Agent Kyle reached over and took her hand. “Mrs. Humble—”
“Call me Gertrude,” she said, wiping her eye with her other wrist.
He smiled. “Okay. Gertrude. You wanted on a list? Congratulations. You’re on a lot of lists. But let me make a deal with you. Stop all of it. The letters, the daily phone calls, all the stuff we might not even know about. We heard you, mission accomplished. You cut all of that out, and I’ll come by every—what’s today?—every Wednesday morning for a chat.”
“Wednesday’s no good.”
“Fine, then how about Tuesday?” He tilted his head, like a child waiting for a treat. “This tea is awful nice.”

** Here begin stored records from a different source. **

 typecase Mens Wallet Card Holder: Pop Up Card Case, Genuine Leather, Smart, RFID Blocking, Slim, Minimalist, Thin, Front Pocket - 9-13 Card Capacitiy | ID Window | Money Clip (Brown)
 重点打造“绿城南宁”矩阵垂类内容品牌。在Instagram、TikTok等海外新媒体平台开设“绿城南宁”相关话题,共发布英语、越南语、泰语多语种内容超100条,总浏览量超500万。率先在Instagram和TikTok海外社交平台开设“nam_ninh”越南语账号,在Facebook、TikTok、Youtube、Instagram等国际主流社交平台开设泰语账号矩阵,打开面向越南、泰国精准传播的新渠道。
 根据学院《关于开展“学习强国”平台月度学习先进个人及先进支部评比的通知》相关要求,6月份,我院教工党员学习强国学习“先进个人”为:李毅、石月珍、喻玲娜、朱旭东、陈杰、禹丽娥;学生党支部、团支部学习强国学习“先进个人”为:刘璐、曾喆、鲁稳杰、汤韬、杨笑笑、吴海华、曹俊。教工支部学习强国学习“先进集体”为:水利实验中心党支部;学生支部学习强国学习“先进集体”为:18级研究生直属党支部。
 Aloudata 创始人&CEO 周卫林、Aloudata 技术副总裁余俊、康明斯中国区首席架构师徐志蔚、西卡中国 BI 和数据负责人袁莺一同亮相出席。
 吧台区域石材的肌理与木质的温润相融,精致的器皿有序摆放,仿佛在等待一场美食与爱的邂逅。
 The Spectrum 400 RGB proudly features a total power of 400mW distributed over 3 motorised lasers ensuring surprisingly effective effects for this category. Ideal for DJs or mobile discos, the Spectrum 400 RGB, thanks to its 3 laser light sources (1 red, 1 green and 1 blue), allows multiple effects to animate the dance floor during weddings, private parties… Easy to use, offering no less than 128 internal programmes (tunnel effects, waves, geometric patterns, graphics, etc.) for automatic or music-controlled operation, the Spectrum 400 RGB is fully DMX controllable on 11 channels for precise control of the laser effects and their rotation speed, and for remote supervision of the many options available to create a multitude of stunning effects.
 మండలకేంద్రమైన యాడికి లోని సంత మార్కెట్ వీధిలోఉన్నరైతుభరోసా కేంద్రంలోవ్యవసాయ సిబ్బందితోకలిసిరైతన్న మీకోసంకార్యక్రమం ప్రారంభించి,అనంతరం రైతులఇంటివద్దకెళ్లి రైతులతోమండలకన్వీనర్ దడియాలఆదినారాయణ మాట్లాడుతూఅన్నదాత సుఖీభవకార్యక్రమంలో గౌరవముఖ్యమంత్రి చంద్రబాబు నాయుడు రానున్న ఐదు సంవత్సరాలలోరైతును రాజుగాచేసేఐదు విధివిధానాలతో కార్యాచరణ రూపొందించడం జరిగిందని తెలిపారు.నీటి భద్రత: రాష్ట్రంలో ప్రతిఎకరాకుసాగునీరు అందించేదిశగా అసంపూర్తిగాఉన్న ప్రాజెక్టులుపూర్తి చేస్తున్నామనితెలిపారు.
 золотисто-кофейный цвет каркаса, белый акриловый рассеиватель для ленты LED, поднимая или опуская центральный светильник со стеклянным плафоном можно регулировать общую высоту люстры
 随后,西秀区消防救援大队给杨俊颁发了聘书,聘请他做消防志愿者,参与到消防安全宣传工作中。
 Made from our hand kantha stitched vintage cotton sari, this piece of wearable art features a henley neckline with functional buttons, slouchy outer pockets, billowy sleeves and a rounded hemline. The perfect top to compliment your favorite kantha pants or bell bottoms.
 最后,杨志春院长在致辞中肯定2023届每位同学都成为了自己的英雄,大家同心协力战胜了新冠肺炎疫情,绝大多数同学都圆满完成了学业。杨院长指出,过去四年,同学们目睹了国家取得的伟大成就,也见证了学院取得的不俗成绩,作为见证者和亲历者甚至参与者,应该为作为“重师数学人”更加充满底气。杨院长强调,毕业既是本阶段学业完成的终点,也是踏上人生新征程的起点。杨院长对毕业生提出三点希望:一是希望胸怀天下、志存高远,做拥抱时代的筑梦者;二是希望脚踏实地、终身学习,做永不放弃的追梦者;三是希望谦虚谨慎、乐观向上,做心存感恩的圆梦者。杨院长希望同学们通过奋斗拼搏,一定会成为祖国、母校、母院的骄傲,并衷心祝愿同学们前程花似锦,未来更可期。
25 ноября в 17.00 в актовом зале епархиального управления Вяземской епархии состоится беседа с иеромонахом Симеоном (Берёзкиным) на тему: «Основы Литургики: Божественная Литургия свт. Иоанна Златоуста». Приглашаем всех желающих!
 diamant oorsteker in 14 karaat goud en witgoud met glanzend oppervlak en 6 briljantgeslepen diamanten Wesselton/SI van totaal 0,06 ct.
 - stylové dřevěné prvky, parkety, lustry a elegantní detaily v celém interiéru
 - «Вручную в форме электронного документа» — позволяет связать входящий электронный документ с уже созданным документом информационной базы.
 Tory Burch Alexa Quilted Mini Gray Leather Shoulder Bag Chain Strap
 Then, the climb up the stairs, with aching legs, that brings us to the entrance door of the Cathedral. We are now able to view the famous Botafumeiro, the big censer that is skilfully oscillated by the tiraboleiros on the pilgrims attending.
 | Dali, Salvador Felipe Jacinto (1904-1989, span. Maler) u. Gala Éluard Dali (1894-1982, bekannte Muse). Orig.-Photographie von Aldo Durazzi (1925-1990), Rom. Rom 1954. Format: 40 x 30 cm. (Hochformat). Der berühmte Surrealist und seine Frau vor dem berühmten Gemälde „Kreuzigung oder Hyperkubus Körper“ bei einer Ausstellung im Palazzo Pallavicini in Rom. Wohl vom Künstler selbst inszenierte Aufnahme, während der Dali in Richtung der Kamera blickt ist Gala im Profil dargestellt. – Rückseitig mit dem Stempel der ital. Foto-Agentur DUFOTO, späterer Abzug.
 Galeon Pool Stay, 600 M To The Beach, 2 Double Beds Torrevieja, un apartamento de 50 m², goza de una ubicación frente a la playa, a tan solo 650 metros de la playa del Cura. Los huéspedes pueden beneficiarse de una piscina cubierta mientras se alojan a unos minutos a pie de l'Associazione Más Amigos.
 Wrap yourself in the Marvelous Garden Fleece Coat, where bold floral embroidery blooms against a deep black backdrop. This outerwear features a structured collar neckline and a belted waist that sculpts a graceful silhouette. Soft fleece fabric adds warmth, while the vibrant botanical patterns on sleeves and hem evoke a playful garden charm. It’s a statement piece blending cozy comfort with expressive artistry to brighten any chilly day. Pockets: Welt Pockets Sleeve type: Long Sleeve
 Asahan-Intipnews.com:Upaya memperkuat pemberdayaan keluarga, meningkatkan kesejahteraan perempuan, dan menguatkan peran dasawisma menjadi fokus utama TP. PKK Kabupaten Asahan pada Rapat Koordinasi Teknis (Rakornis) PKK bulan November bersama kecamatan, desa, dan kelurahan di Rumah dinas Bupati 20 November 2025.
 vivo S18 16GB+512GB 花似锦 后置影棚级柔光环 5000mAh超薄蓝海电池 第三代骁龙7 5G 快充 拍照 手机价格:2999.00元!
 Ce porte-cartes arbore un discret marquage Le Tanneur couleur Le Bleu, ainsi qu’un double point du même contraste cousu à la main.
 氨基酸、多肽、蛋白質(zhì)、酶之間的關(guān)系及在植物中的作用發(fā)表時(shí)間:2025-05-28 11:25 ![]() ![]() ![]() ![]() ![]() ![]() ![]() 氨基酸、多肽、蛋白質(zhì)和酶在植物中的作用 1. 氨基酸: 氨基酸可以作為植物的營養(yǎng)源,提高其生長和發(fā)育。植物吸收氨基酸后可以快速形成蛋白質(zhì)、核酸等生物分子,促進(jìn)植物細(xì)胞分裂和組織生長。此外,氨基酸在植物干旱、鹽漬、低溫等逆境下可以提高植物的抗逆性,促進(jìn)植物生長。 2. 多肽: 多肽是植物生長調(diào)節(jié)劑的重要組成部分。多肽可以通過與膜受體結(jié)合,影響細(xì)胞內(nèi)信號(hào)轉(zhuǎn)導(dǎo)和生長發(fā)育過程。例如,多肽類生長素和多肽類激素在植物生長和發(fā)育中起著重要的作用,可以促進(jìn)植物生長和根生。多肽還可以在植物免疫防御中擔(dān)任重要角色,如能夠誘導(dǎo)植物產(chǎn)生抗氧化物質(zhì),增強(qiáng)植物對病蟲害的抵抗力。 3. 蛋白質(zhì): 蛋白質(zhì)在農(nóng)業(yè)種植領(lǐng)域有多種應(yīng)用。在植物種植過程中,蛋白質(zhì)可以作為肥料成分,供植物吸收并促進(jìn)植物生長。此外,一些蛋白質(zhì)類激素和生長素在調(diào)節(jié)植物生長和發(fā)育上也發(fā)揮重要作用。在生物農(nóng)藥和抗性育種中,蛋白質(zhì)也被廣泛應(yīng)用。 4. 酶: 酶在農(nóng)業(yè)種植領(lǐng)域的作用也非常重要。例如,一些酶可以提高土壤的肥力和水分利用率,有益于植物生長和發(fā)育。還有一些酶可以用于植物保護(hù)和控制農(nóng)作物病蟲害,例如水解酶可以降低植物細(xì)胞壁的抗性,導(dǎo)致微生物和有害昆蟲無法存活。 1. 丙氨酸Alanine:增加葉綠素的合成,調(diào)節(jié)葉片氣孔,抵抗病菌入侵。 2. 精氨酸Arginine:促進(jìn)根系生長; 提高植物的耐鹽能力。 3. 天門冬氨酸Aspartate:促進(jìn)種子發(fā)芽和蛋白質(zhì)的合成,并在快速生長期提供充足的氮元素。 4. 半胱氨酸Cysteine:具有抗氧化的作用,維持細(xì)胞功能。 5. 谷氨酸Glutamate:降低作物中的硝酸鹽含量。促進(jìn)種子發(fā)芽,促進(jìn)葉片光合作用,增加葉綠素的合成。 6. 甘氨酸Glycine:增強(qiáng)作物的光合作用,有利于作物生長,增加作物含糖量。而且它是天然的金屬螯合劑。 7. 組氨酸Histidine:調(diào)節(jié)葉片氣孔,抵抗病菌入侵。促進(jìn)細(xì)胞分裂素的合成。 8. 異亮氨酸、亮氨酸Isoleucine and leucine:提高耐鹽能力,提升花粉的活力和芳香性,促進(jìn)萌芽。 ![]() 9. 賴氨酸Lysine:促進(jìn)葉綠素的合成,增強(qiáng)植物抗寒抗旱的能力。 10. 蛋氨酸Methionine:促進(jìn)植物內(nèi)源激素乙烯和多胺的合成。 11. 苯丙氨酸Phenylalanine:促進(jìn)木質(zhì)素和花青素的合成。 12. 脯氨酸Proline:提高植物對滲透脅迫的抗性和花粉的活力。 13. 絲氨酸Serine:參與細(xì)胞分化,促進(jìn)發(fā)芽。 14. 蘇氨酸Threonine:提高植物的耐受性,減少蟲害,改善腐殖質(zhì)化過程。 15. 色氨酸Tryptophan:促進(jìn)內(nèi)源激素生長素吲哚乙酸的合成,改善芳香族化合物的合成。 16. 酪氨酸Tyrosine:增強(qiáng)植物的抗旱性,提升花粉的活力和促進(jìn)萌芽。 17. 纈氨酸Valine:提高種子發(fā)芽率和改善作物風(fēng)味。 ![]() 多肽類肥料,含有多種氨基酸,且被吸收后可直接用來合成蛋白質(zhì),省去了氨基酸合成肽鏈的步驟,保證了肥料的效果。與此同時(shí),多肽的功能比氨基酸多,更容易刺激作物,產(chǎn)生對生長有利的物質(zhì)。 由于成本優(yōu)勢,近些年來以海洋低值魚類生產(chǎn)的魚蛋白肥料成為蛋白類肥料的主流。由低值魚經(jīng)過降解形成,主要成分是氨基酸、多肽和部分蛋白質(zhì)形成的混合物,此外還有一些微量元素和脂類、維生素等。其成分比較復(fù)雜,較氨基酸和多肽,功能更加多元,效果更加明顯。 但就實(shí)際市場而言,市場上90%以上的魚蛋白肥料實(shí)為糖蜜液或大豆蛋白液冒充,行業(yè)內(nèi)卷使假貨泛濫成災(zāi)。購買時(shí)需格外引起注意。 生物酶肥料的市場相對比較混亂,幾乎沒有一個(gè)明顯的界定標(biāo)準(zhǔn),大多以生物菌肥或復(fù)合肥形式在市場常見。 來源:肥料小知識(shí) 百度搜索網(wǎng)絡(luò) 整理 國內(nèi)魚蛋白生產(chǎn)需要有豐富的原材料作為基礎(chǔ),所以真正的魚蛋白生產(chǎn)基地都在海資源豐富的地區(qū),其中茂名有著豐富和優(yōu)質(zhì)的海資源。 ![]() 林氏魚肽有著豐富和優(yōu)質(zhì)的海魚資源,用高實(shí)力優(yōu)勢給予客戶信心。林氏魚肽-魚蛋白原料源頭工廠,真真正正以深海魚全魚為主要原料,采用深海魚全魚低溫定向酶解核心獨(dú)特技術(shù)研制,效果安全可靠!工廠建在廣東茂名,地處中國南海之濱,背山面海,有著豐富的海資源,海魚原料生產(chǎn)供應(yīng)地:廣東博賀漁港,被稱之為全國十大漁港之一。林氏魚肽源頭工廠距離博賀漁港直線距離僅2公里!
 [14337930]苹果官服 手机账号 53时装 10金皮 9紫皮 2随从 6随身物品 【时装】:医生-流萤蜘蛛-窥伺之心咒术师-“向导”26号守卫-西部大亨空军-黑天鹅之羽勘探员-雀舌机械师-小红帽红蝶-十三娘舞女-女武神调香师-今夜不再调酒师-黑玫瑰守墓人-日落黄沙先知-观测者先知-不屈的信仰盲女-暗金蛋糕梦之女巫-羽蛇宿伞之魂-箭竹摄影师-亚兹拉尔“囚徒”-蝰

“Tuesday could work,” she said. “Just not too early.” Agent Kyle reached his hand across the table, and they shook on it. “What about the bugs?” Gertrude asked. “Will you need to remove them?”
“They’ll all be gone by the time you get back from the store on Friday.” Seeing Gertrude’s disappointment, he added, “But don’t worry. We’ll still keep an eye on you. In case any of your pen pals come to call. And we’ll reimburse you for the damn—for the clocks.”
A knock at the door. “Expecting someone?” Agent Kyle asked.
“That must be my delivery of guns,” Gertrude said. “Don’t worry, I’ll have them sent back.” As she walked toward the door, Agent Kyle drained the last of his tea. “Yes, please. You do that.”